We can hear the pre-20th-century Furlana in the opera La Gioconda by Amilcare Ponchielli, written in 1876. It’s fast and jumping and doesn’t allow for any of that intimate contact the tango requires.
Amilcare Ponchielli: La Gioconda – Act I Scene 9: Carneval! Baccanal! (Milan La Scala Chorus; Milan La Scala Orchestra; Antonino Votto, cond.)
Overnight, composers and choreographers went into high-speed creation mode. The dance hadn’t been danced for at least 50 years or only existed in highly stylized opera-staged versions.
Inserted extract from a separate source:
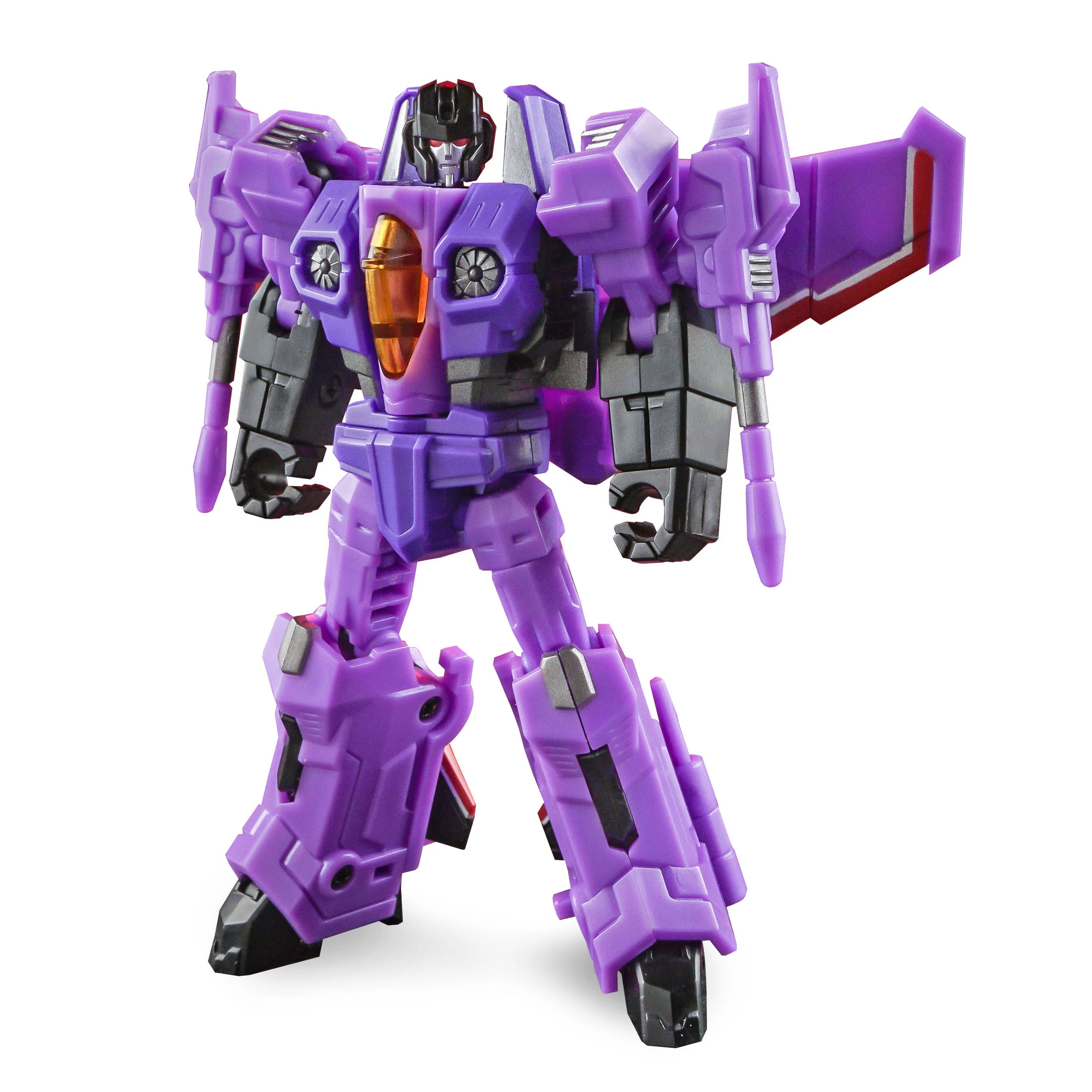 Iron Factory - IF-EX20A - Amethyst is a purple colored seeker jet, featuring a clone inspired color scheme that is great for troop building. This figure is legends scale and transforms from seeker jet to robot and back. Limited to just 1500 pieces worldwide, each figure will include an individually numbered character card. This legends scaled fighter jet from Iron Factory transforms to robot and back and includes null ray weaponry as shown.

What was the ‘real’ forlana? A Venetian dance teacher promoted his school by saying that he’s spoken with a Venetian octogenarian and found out the steps and a teacher in Rome said he’d found an old book that included Furlana choreography.
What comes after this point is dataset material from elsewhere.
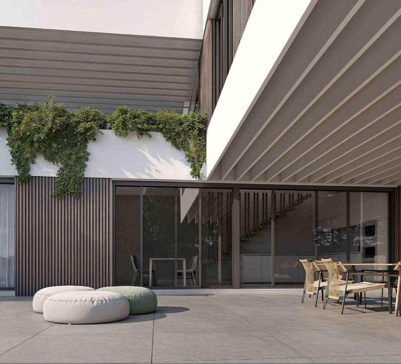 – Sustainable design with natural stone and wood textures

The sheet music for the Furlana often mentioned that the dance was recommended by the Pope.
Other music made visible reference to the dance’s Venetian origins – notice the papal references.
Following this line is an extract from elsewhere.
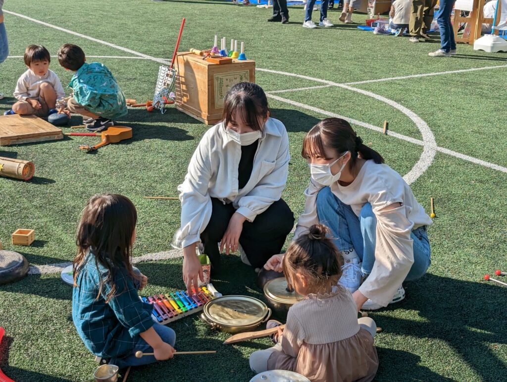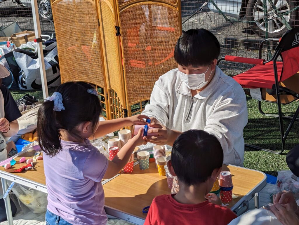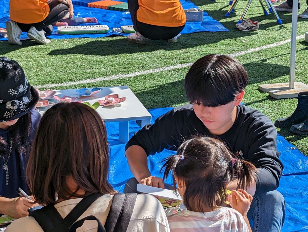 様々なブースで、キャリプロの生徒達もボランティアで参加。子どもたちと工作をしたり、遊びの見守りをしています。

Few of these works were recorded, but we do find traces of the Furlana in many composers’ works. Ignoring the pre–20th-century works by Tartini, Vitali, Couperin, and even Bach, we can find examples starting even before Pope Pius’ dictum.
Three composers include Furlana dances in their works from the early 20th century, Pietro Mascagni included a Furlana in his 1901 opera Le maschere, but he was trying to evoke 18th-century styles.
Pietro Mascagni: Le Maschere – Furlana (Teatro Lirico Chorus; Teatro Lirico Orchestra; Tiziano Severini, cond.)
Another turn of the century work including a forlane was by Gustave Samazeuilh in his 1902 Piano Suite in G.
Gustave Samazeuilh: Piano Suite in G Minor – VI. Forlane (Olivier Chauzu, cond.)
Ottorino Respighi included one in his 1905 Suite, used for its folksy style.
Ottorino Respighi: Suite, P. 57 – No. 4. Furlana (Roberto Fabbriciani, flute; Abruzzese Symphony Orchestra; Nicola Paszkowski, cond.)
Maurice Ravel included one in his work in memory of Couperin in Le Tombeau de Couperin, written between 1914 and 1917, using it as an ancient dance.
Maurice Ravel: Le tombeau de Couperin – Forlane (François-Joël Thiollier, piano)
Tibor Harsányi included a Forlane in his 1924 collection of dances.
Tibor Harsányi: 12 petites pièces – No. 8. Forlane (Giorgio Koukl, piano)
Emil Nikolaus von Reznicek’s 1935 Karneval-Suite im alten Stil included a Furlana although in a more stately style than we hear in other composers’ versions.
Emil Nikolaus von Reznicek: Suite im alten Stil, “Karneval” – IV. Furlana (Weimar Staatskapelle; Stefan Solyom, cond.)
In Jarmil Burghauser’s 1957 ballet, Sluha dvou pánů (The Servant of Two Masters), there’s a Furlana.
Jarmil Burghauser: Sluha dvou pánů (The Servant of Two Masters) – IV. Furlana (Prague Symphony Orchestra; Zdeněk Košler, cond.)
French composer Germaine Tailleferre, the only female member of Le Six, wrote a forlana, which she spelled Forlane in 1972 as a work for flute and piano.
Germaine Tailleferre: Forlane (Ulrike Sieber, flute; Angela Gassenhuber, piano)
In pop culture, the Furlana craze lasted only a few months, from the spring until war broke out on 28 July 1914. In classical music, it still retained both its 18th-century and early–20th-century links.